Sen. Bernie Sanders (I-Vt.) pulled off an upset victory in the Michigan primary Tuesday, picking up the majority of delegates in a state seen as a must-win for him to maintain a place in the Democratic race.
Former Secretary of State Hillary Clinton came into the Michigan primary with a strong lead in the polls, particularly among minority voters who make up a quarter of the electorate in the state.

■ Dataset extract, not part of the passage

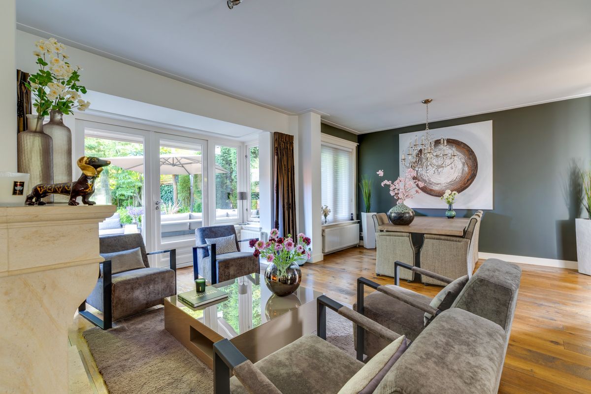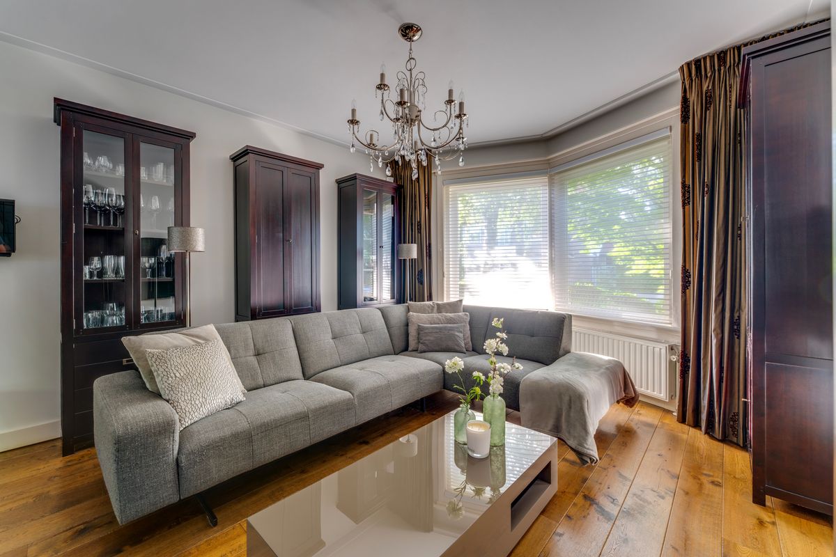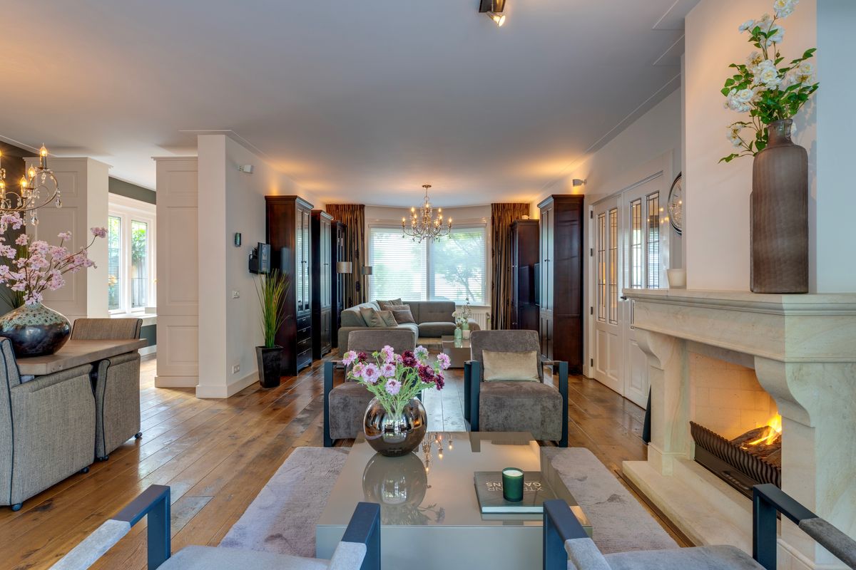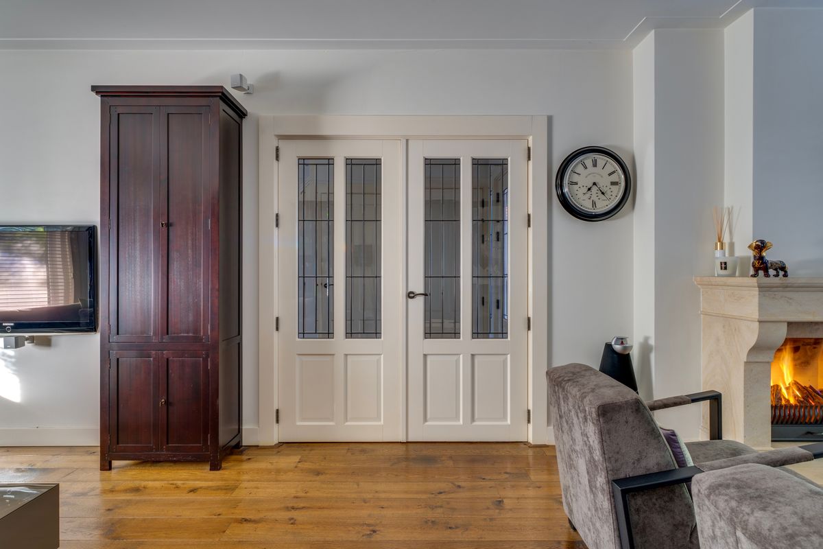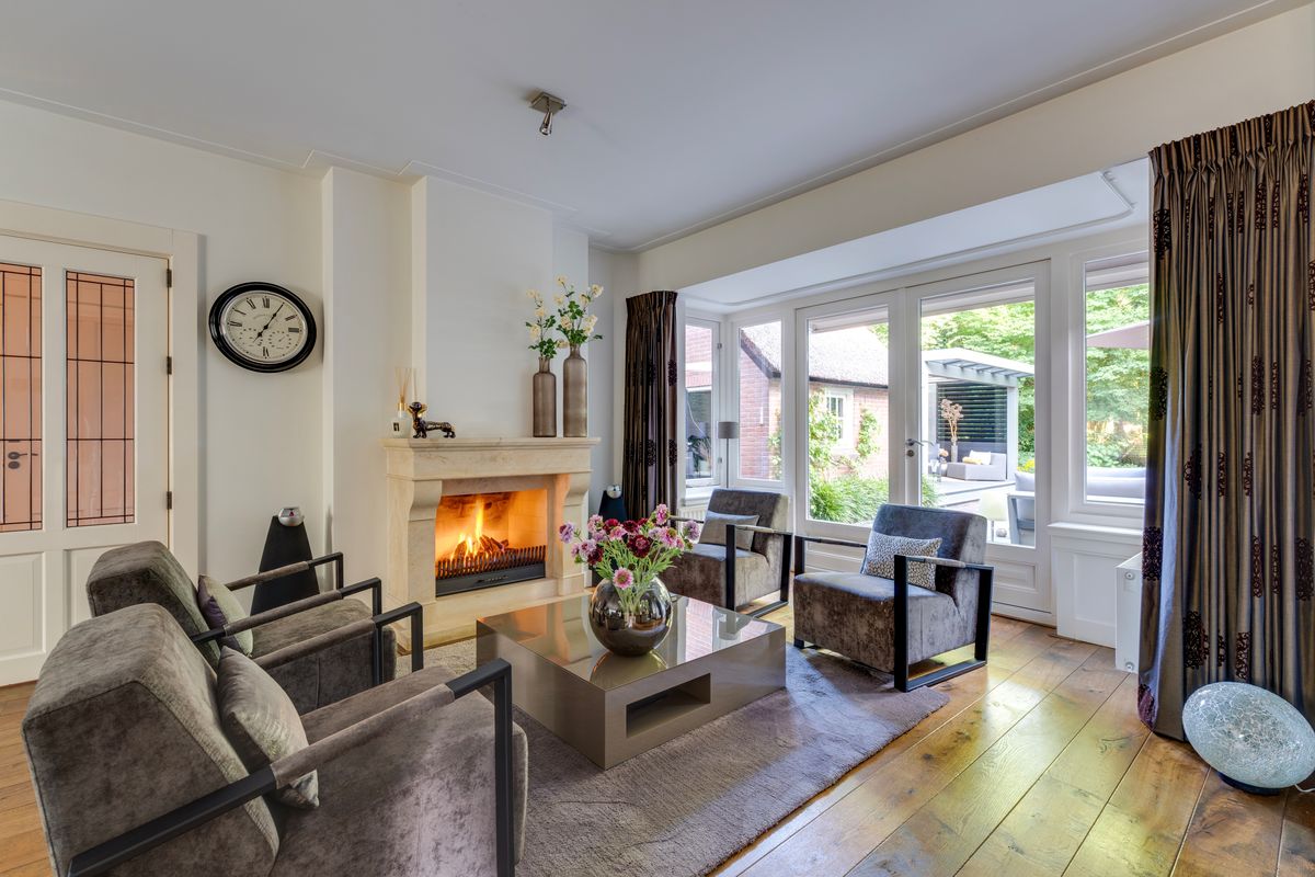 De woonkamer is een heerlijke leefruimte waar licht, rust en comfort samenkomen. De eikenhouten vloer loopt naadloos door en verbindt de zithoek, eethoek en keuken tot één geheel. In de erker aan de voorzijde staat de bank; hier kun je ontspannen, tv kijken of genieten van het uitzicht op de voortuin. Langs de zijwand zorgt een stijlvolle gashaard voor extra warmte en sfeer. Verder naar achteren is er volop ruimte voor een grote eettafel – perfect voor gezellige diners of lange avonden met vrienden. De grote ramen en openslaande deuren aan de achterzijde laten het daglicht rijkelijk binnen en zorgen voor een directe verbinding met de tuin. De keuken is in 2022 volledig vernieuwd en combineert strak design met hoogwaardige kwaliteit. Het geheel is modern, licht en tot in detail doordacht, met greeploze kasten en een stijlvol werkblad dat perfect aansluit op de rest van het interieur. Koken doe je hier op topniveau met apparatuur van het Zwitserse merk V-ZUG – een naam die staat voor innovatie en precisie, vergelijkbaar met Gaggenau en de meest exclusieve lijnen van Miele. Blikvangers zijn de multifunctionele oven en de stoomoven uit de V6000 Excellence Line serie. Daarnaast beschik je over een inductiekookplaat met geïntegreerde afzuiging van V-ZUG, een V-ZUG vaatwasser, een Quooker en een ruime koelkast met BioFresh laden van Liebherr. Via de charmante boerendeur stap je zo het terras op, en samen met het grote raam zorgt dit voor een aangename lichtinval. In de kelder vind je bovendien een aparte vriezer – ideaal voor extra voorraad.

Clinton has dominated with non-white voters in this primary season, so a Sanders win in diverse Michigan stands out among his previous primary victories.
Michigan had been cast as Sanders' last, best hope for mounting a real challenge to Clinton's lead in the delegate count, and his campaign manager called the vote "a critical showdown." The state's primary is positioned between Super Tuesday and major primaries in Ohio and Florida on March 15, and it awards 130 delegates proportionally.
The two candidates faced off in a debate in Flint, Michigan, on Sunday, trading jabs on a wide range of issues. Sanders targeted Clinton's record on trade deals and job creation, linking her to NAFTA and the Obama administration's trade policies. Sanders hoped his populist stances on these issues would appeal to voters who have been ravaged by the recession.
But Clinton also claimed Sanders opposed the auto bailout, arguing that it saved 4 million jobs in the region. Sanders actually voted in favor of unsuccessful measures in Congress that would have bailed out automakers, but opposed the program that ultimately directed funds to Detroit because it also went toward bailing out Wall Street.
Both candidates have focused on the Flint water crisis in their appearances in the Michigan, blaming the state government for failing to protect the city from lead-contaminated water. They each called on the state's Republican Gov. Rick Snyder to resign over what Sanders described as a "dereliction of duty."
This article has been updated to include Sanders' votes on the automaker bailout.